3. What is the significance of YingYing St. Clair being declared as a “Displaced Person”?
Provide at least two quotes.
When Ying Ying first arrived in America, she was detained at the Angel Island Immigration
Station for three weeks. During the process her “father proudly named her in her immigration
papers; Betty St. Clair, crossing out her given name Gu Ying-Ying” (Tan 107). Lena’s father also
“put down the wrong birth year, 1916 instead of 1914” (Tan 107). Ying Ying was stripped from
her own identity, along with her Chinese heritage as her husband “insisted [she] learn English
(Tan 109). She is essentially a “displaced person” in her own family. Ying Ying can hardly
communicate with her own family as she speaks in “moods and gestures, looks and silences…”
to her husband, meanwhile Lena can “understand the words perfectly, but not the meanings”
(Tam 109). Since they are both disconnecting from Ying Ying, they have no choice but to put
words into her mouth.

4. Provide an example or passage of imagery and explain its relevance throughout the chapter.
“I looked like my father, English-Irish, big boned and delicate at the same time. But if they
looked really close, if they knew that they were there, they could see the Chinese parts. Instead
of having cheeks like my father’s sharp-edged points, mine were smooth as beach pebbles. I
didn’t have his straw-yellow hair or his white skin, yet my coloring looked too pale, like
something that was once darker and had faded in the sun. And my eyes, my mother gave me my
eyes, no eyelids, as if they were carved on a jack-o-lantern with two swift cuts of a short knife”
(Tan 106)
-In this passage, Lena essentially describes that not many people know that she is Chinese
because of her last name and because she looks more like her father. The significance of Lena
looking like her father is that she doesn’t necessarily have to experience racism or prejudice
because she looks more American. In the next few pages, a drunk man comes up to her mother
and as Lena cries, his companions tell him that he is “scarring [the] poor little girl and her maid”
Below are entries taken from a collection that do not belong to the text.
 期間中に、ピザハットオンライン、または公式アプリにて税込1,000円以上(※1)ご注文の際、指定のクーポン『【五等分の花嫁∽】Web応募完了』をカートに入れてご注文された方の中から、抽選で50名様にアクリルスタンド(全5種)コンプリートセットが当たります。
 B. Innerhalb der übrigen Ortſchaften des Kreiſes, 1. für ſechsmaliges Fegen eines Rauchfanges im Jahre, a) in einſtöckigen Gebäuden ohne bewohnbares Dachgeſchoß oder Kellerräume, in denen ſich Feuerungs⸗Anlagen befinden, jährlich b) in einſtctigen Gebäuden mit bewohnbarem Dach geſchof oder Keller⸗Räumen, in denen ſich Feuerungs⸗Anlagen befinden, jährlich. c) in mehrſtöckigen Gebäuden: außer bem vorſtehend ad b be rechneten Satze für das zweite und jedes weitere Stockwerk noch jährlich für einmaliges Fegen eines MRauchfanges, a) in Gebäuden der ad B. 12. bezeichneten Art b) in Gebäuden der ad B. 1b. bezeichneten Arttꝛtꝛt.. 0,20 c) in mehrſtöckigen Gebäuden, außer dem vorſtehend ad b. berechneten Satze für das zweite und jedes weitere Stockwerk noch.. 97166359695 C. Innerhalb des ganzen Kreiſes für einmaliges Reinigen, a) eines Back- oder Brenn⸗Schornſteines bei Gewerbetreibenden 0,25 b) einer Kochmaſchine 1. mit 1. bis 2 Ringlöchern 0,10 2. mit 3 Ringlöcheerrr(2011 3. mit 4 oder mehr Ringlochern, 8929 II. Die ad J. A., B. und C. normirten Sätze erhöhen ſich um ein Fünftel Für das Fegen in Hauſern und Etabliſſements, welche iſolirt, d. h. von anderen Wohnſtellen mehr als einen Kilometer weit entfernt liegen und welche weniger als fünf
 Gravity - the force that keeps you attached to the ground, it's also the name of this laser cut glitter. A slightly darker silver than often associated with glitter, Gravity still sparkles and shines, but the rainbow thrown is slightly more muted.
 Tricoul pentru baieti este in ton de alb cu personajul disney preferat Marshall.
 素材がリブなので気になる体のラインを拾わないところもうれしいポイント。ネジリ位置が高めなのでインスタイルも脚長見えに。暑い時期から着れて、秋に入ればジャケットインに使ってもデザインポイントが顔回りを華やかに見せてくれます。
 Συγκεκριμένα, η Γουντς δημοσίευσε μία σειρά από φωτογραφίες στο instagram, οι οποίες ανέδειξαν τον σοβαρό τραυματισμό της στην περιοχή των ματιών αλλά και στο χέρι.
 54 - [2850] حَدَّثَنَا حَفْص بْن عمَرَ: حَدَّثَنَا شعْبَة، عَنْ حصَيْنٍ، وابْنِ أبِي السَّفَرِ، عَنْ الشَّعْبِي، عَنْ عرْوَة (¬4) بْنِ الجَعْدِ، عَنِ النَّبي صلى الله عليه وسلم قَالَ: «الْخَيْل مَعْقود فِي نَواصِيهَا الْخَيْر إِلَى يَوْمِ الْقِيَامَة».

(Tan 111). The men don't acknowledge that it is her daughter because they recognize her as a
white American little girl, as they hastily presume that her mother is a maid.

5. Why do you think the author includes Teresa? What is her significance to Lena?
Amy Tan incorporates the character Teresa in order to depict that even the worst things in life
that constantly feel like an endless cycle, may come to an end. Throughout the chapter, Lena
believes that her neighbor’s life, Teresa, is far worse than hers and begins to feel grateful that she
isn’t suffering like her. In the end (the turning point),Teres helps Lena realize that she had been
wrong the whole time and instead it was her that had it worse. Lena was the one that was
suffering. Despite Teresa and her mother having a horrible relationship, Teresa ultimately knew
her place and knew she was loved. After, Lena recognizes that “the worst possible thing, would
one day stop” foreshadowing that her mother or life would soon get better (Tan 120).